> [Recorded information]
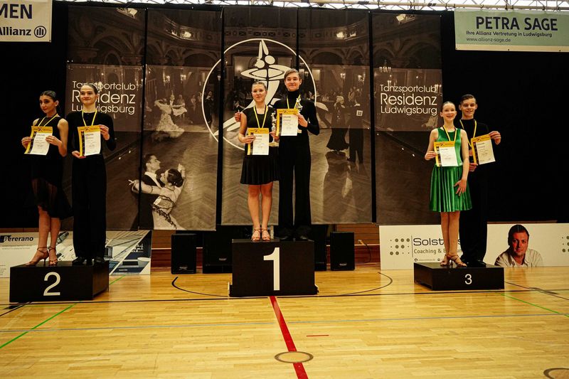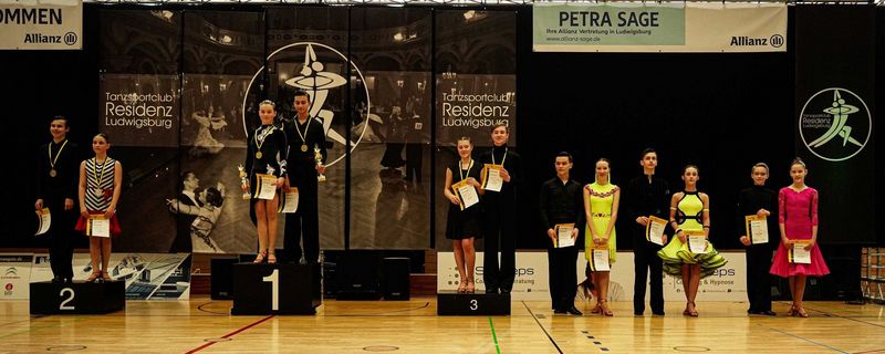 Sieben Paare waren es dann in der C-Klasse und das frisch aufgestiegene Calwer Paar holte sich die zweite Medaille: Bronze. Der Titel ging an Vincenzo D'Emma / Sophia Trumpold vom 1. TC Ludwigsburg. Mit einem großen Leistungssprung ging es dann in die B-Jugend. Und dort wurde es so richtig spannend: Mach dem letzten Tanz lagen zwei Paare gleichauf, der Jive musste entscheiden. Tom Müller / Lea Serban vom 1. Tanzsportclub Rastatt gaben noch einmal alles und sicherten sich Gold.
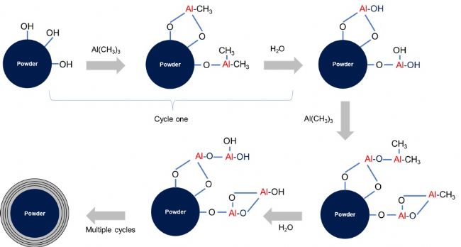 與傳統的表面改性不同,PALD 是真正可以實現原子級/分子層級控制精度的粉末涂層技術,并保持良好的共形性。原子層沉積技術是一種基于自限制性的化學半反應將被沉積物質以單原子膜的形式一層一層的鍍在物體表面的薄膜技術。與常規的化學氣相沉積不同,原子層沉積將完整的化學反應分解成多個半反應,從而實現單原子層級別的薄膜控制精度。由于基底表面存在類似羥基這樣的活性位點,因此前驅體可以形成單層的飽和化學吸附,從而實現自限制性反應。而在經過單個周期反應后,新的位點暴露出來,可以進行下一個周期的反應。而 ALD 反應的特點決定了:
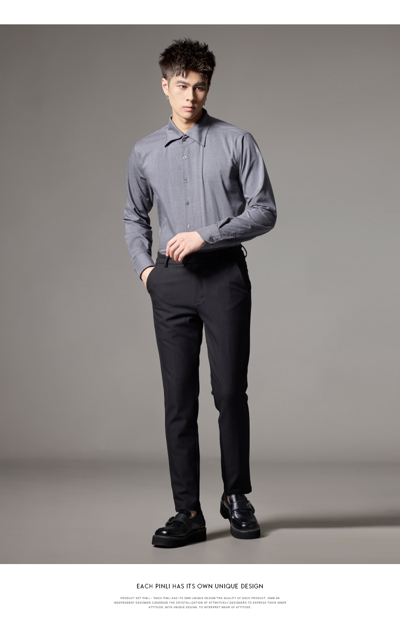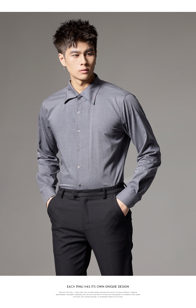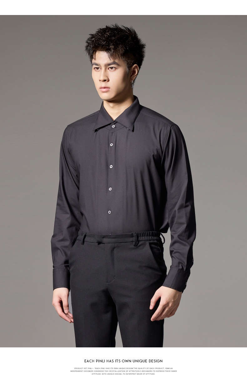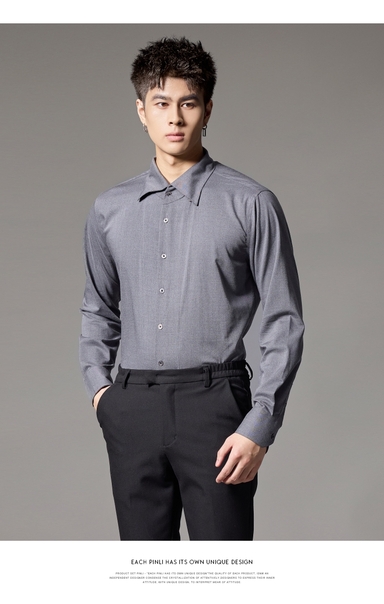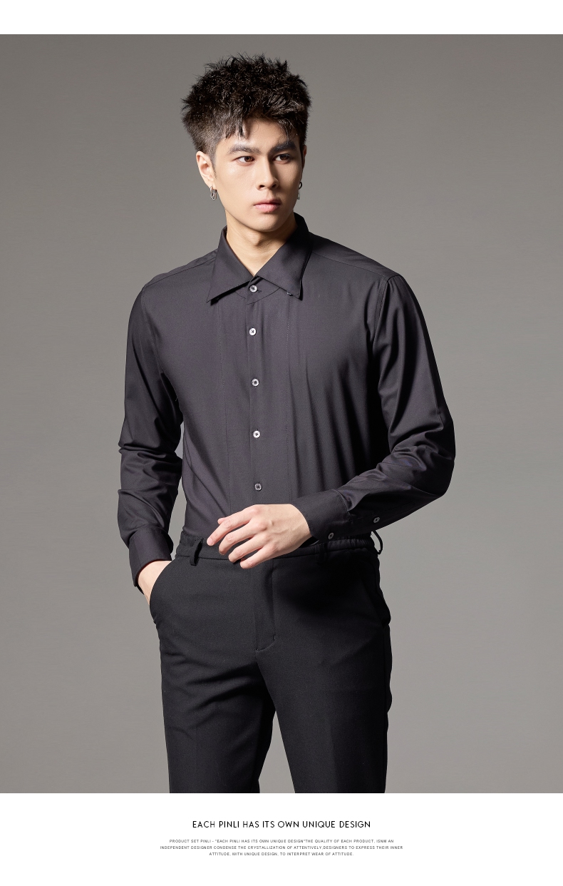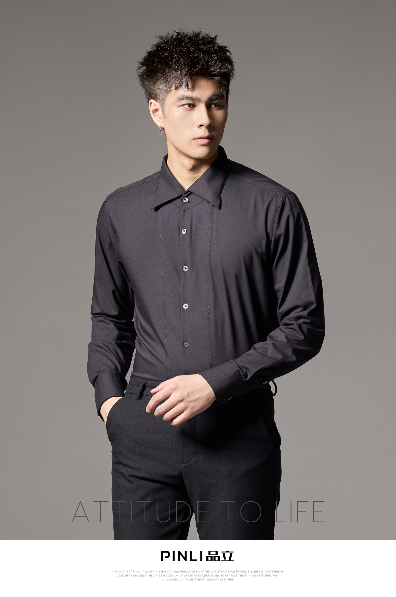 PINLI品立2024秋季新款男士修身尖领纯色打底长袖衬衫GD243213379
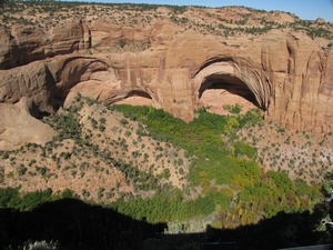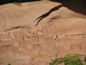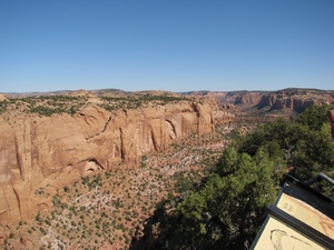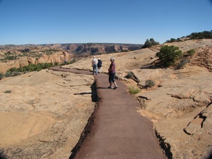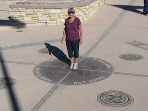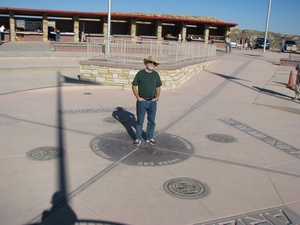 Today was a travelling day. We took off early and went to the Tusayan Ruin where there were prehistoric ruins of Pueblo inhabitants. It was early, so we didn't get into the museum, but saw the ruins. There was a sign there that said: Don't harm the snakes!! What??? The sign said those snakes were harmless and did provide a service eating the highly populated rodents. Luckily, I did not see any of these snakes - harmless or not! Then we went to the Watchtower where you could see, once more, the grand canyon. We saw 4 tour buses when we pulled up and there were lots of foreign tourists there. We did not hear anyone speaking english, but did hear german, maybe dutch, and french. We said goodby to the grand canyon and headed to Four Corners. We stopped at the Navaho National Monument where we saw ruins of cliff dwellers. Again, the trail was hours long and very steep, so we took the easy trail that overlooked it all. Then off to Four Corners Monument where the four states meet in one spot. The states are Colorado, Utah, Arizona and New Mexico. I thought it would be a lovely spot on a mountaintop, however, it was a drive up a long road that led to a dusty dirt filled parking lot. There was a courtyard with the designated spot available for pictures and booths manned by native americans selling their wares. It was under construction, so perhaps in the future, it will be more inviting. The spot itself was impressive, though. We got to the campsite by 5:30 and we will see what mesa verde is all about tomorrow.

> [Work required] Could you output the lines above exactly, with no pictures included?

> [Response to this exercise]
 Sieben Paare waren es dann in der C-Klasse und das frisch aufgestiegene Calwer Paar holte sich die zweite Medaille: Bronze. Der Titel ging an Vincenzo D'Emma / Sophia Trumpold vom 1. TC Ludwigsburg. Mit einem großen Leistungssprung ging es dann in die B-Jugend. Und dort wurde es so richtig spannend: Mach dem letzten Tanz lagen zwei Paare gleichauf, der Jive musste entscheiden. Tom Müller / Lea Serban vom 1. Tanzsportclub Rastatt gaben noch einmal alles und sicherten sich Gold.
 與傳統的表面改性不同,PALD 是真正可以實現原子級/分子層級控制精度的粉末涂層技術,并保持良好的共形性。原子層沉積技術是一種基于自限制性的化學半反應將被沉積物質以單原子膜的形式一層一層的鍍在物體表面的薄膜技術。與常規的化學氣相沉積不同,原子層沉積將完整的化學反應分解成多個半反應,從而實現單原子層級別的薄膜控制精度。由于基底表面存在類似羥基這樣的活性位點,因此前驅體可以形成單層的飽和化學吸附,從而實現自限制性反應。而在經過單個周期反應后,新的位點暴露出來,可以進行下一個周期的反應。而 ALD 反應的特點決定了:
 PINLI品立2024秋季新款男士修身尖领纯色打底长袖衬衫GD243213379
 Today was a travelling day. We took off early and went to the Tusayan Ruin where there were prehistoric ruins of Pueblo inhabitants. It was early, so we didn't get into the museum, but saw the ruins. There was a sign there that said: Don't harm the snakes!! What??? The sign said those snakes were harmless and did provide a service eating the highly populated rodents. Luckily, I did not see any of these snakes - harmless or not! Then we went to the Watchtower where you could see, once more, the grand canyon. We saw 4 tour buses when we pulled up and there were lots of foreign tourists there. We did not hear anyone speaking english, but did hear german, maybe dutch, and french. We said goodby to the grand canyon and headed to Four Corners. We stopped at the Navaho National Monument where we saw ruins of cliff dwellers. Again, the trail was hours long and very steep, so we took the easy trail that overlooked it all. Then off to Four Corners Monument where the four states meet in one spot. The states are Colorado, Utah, Arizona and New Mexico. I thought it would be a lovely spot on a mountaintop, however, it was a drive up a long road that led to a dusty dirt filled parking lot. There was a courtyard with the designated spot available for pictures and booths manned by native americans selling their wares. It was under construction, so perhaps in the future, it will be more inviting. The spot itself was impressive, though. We got to the campsite by 5:30 and we will see what mesa verde is all about tomorrow.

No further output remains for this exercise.